## Task prompt
Print exactly the lines below between the line containing "Cenicero de aluminio" and the line containing "Bransoletka runiczna ze", counting both of those lines. Leave pictures out.

## Input
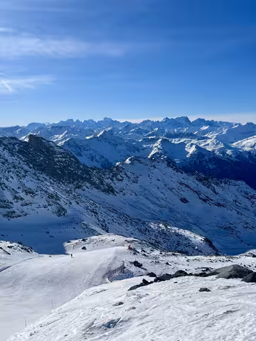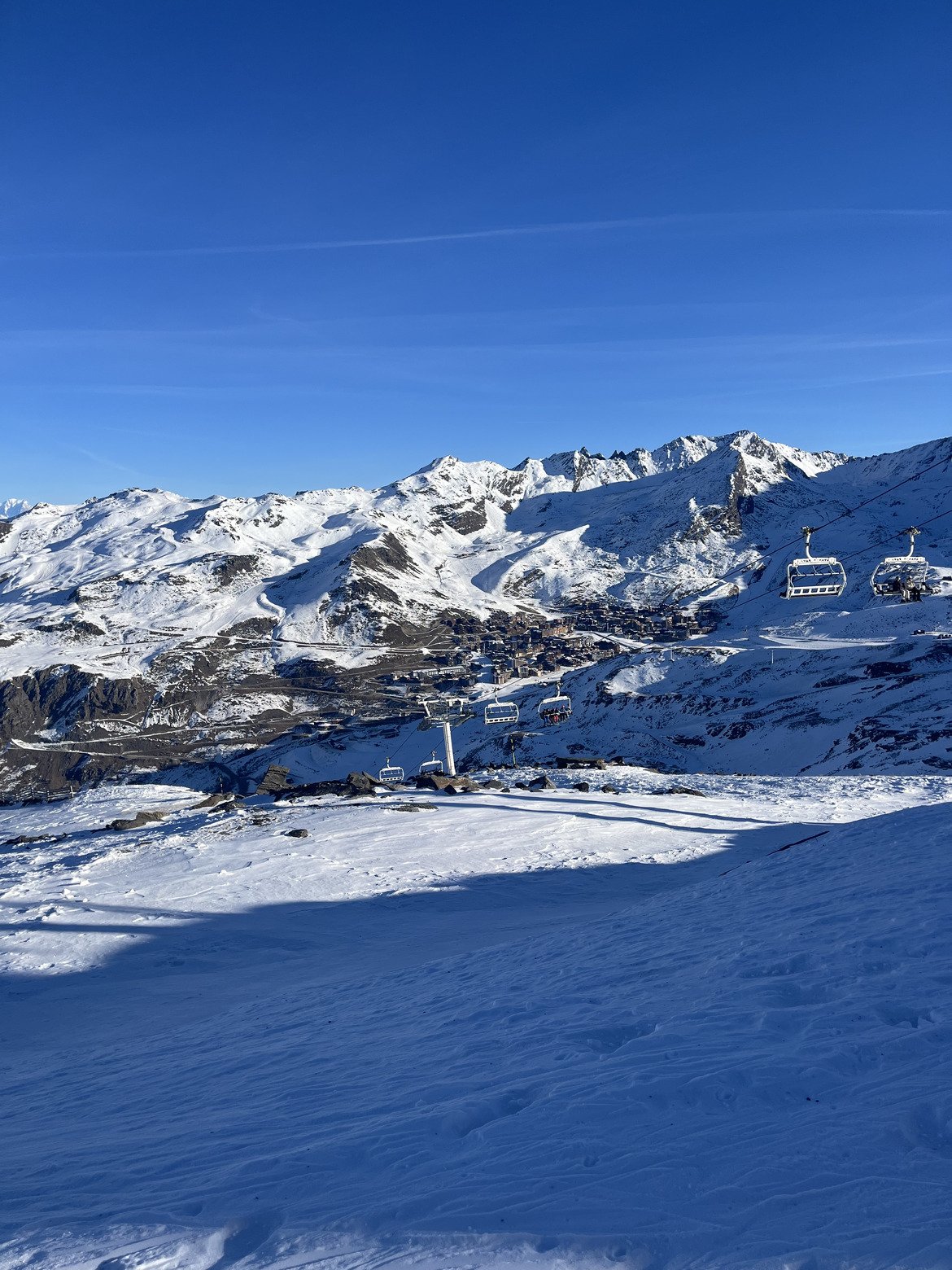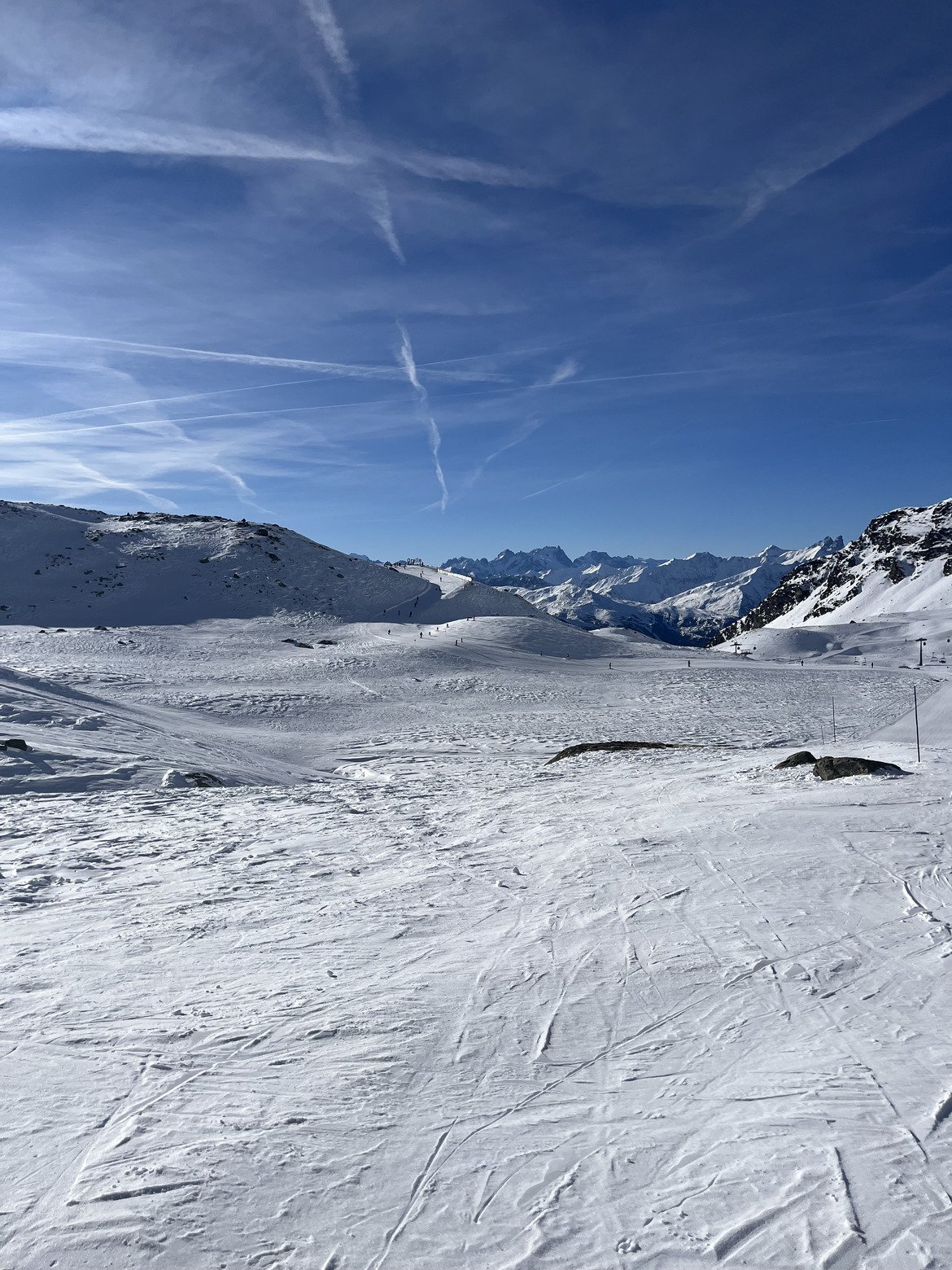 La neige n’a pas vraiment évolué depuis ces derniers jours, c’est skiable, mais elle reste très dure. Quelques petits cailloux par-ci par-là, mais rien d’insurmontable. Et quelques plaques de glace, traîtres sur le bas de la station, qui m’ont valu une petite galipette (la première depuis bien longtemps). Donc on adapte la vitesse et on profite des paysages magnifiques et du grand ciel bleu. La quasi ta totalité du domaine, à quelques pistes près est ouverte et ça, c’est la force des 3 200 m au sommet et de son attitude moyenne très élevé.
...
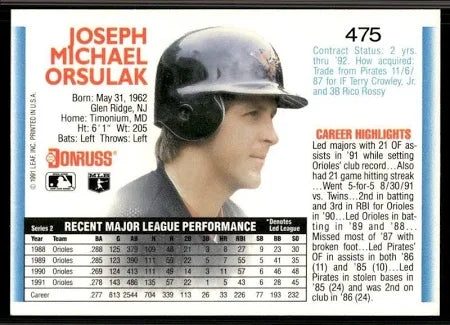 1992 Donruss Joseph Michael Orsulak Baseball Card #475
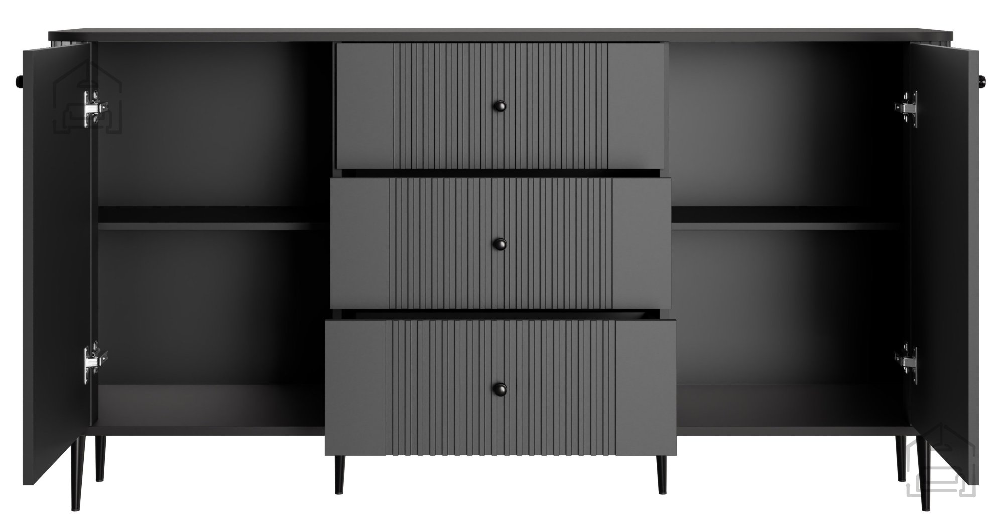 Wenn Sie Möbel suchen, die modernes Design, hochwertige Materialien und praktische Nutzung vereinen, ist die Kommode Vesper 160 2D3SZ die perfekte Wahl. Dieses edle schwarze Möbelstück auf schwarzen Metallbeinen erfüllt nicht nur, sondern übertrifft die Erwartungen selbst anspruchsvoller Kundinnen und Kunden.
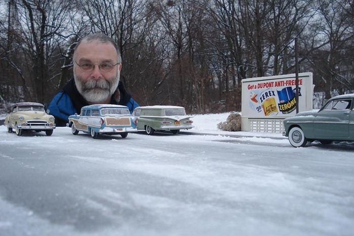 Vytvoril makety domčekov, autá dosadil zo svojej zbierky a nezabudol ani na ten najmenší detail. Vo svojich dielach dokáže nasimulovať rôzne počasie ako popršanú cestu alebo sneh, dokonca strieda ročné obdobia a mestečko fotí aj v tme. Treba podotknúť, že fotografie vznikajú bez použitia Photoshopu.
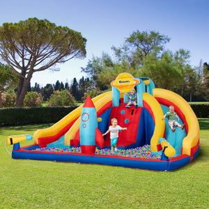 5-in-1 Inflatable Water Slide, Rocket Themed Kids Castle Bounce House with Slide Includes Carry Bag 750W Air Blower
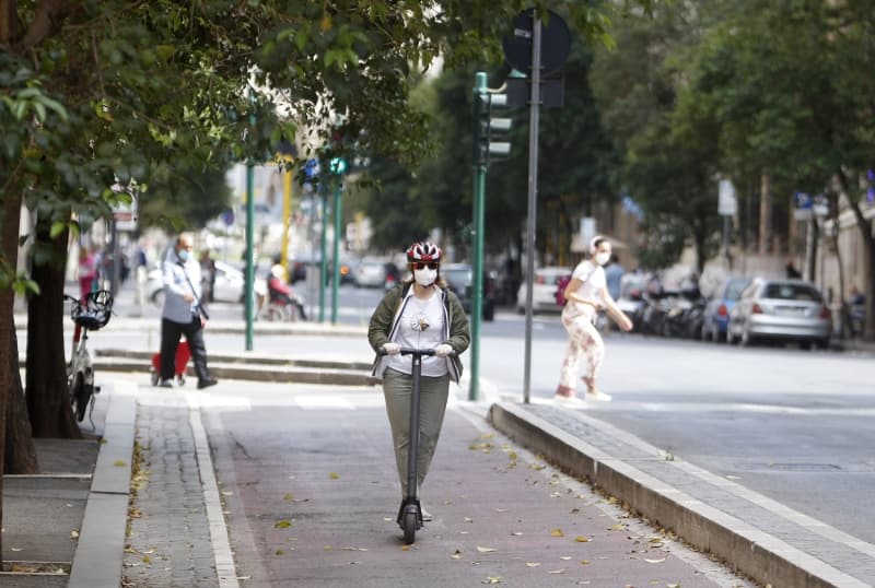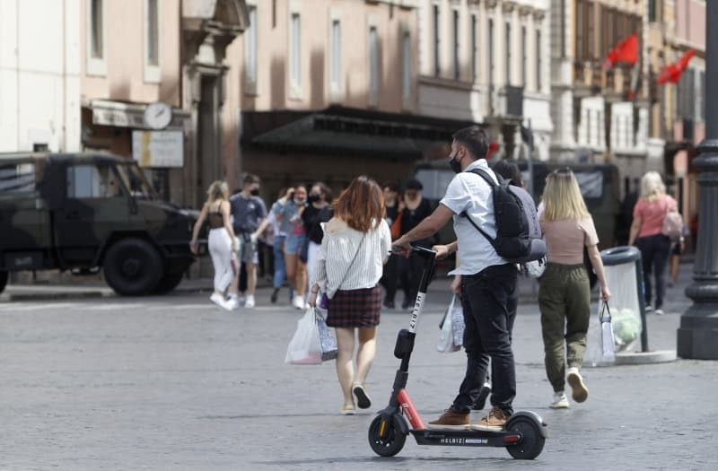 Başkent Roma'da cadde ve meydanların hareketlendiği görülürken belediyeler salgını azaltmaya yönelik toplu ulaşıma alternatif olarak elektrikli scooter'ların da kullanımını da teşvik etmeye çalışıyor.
==
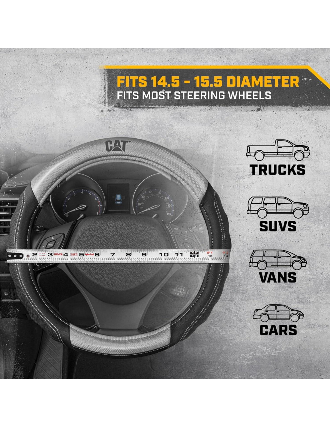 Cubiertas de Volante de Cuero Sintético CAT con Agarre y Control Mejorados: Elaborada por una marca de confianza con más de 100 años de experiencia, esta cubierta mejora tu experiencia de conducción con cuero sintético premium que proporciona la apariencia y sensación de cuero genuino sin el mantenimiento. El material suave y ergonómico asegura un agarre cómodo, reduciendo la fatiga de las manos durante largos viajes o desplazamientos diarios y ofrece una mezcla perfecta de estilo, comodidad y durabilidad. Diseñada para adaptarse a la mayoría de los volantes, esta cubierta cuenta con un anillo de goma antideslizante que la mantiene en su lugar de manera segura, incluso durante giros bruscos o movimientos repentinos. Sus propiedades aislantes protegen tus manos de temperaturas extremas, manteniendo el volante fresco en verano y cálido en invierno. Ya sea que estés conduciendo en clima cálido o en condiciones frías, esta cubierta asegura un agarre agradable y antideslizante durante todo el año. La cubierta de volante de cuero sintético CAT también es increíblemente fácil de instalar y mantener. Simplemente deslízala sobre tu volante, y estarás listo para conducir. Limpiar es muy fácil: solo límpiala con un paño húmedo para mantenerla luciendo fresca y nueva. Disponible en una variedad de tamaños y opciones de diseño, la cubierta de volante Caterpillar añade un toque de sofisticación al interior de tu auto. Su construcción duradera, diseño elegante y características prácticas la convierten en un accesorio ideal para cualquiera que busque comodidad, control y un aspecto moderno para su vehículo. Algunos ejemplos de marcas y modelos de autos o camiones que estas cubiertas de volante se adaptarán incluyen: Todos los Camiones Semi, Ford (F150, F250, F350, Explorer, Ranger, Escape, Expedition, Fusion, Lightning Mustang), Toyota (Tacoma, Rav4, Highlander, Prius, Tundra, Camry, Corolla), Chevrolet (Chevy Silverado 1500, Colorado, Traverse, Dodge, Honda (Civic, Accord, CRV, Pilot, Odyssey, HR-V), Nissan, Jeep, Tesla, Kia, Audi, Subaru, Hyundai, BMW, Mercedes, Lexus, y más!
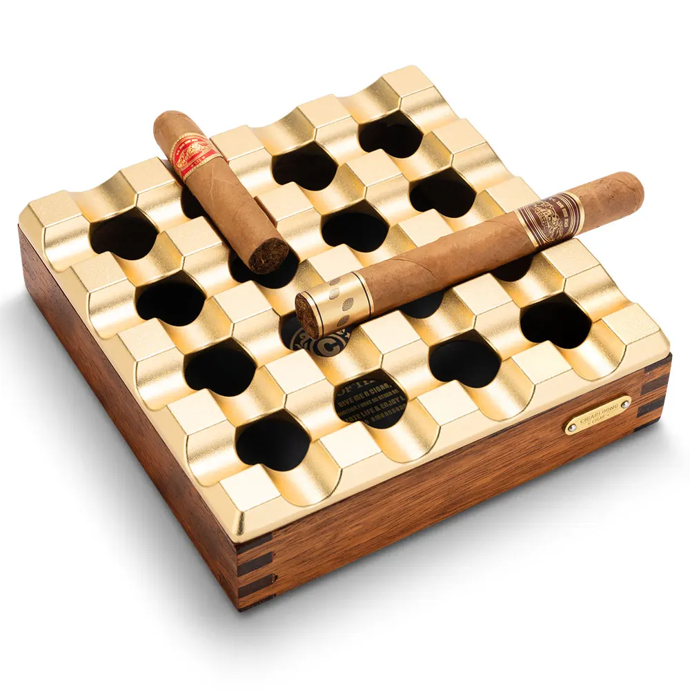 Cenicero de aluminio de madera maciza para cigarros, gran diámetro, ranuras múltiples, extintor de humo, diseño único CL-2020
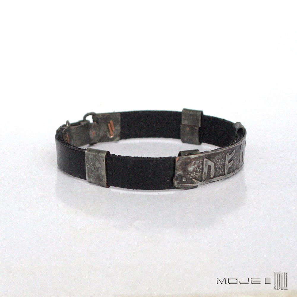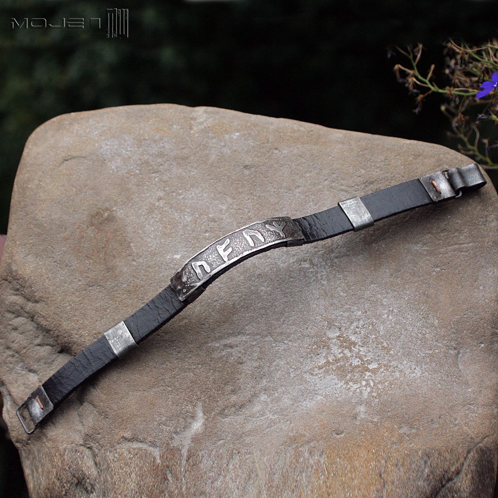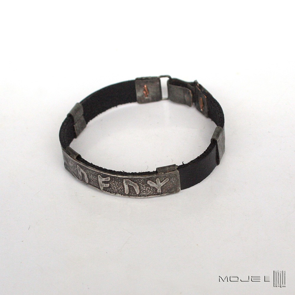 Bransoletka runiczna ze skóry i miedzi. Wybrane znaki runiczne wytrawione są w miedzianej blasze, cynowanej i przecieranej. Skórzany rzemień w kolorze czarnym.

## Answer to the exercise
 Cenicero de aluminio de madera maciza para cigarros, gran diámetro, ranuras múltiples, extintor de humo, diseño único CL-2020
 Bransoletka runiczna ze skóry i miedzi. Wybrane znaki runiczne wytrawione są w miedzianej blasze, cynowanej i przecieranej. Skórzany rzemień w kolorze czarnym.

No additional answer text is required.